In short, Dr. Lee suggests that if you’re not a naturally positive person, it’s beneficial to become one. On the topic of “optimism conversion,” the study is clear: it is possible to be more positive!

“A common (illustration of) optimism versus pessimism is a glass with water at the halfway point, where the optimist is said to see the glass as half full and the pessimist sees the glass as half empty.” ~ Wikipedia

Not only is it possible to be more positive, the benefits of a more optimistic outlook extend far beyond side-stepping major health conditions.

A positive mindset proves in multiple studies to:

– maintain a healthy weight

– lower inflammation levels

– increase antioxidants

– strengthen the immune system

– clearer thinking and less “brain fog”

– healthier autonomic (involuntary) functions

Final Thoughts on Optimism

Though positive outlets are not in the study.
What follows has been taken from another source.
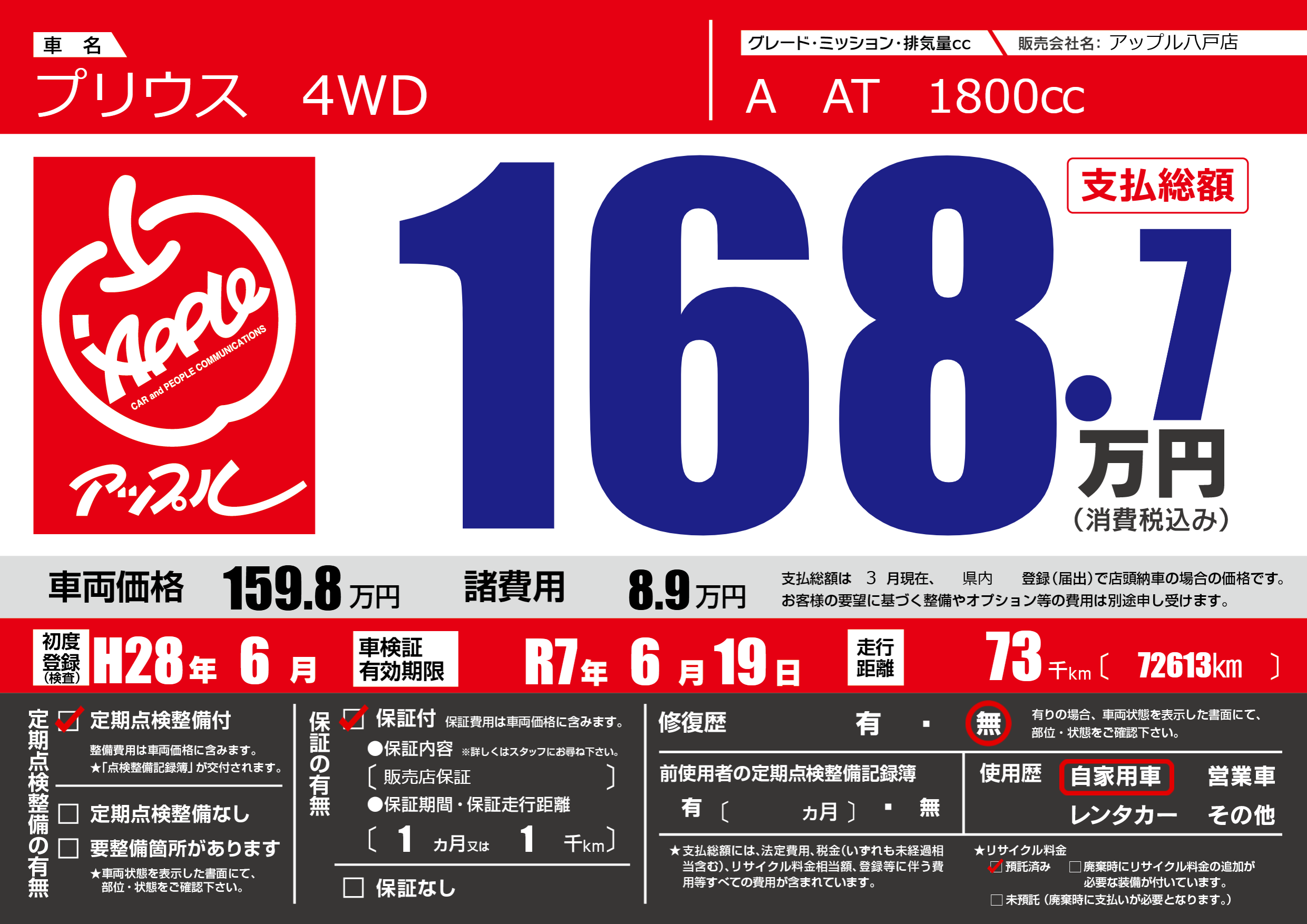 | 車名 | プリウス 4WD | グレード ミッション 排気量 |

But there are multiple ways to build a more optimistic mindset. To date, here are the best ways to do just that!

– Cultivate emotional intelligence: “the capacity to be aware of, control, and express one’s emotions…”

– Practice mindfulness: “the quality or state of being conscious or aware of the present moment.”

– Practice gratitude: “the quality of being thankful; readiness to show appreciate for and return kindness.”

– Recite positive affirmations: “(self-directed) emotional support or encouragement,” e.g. “I am in control of my own health.”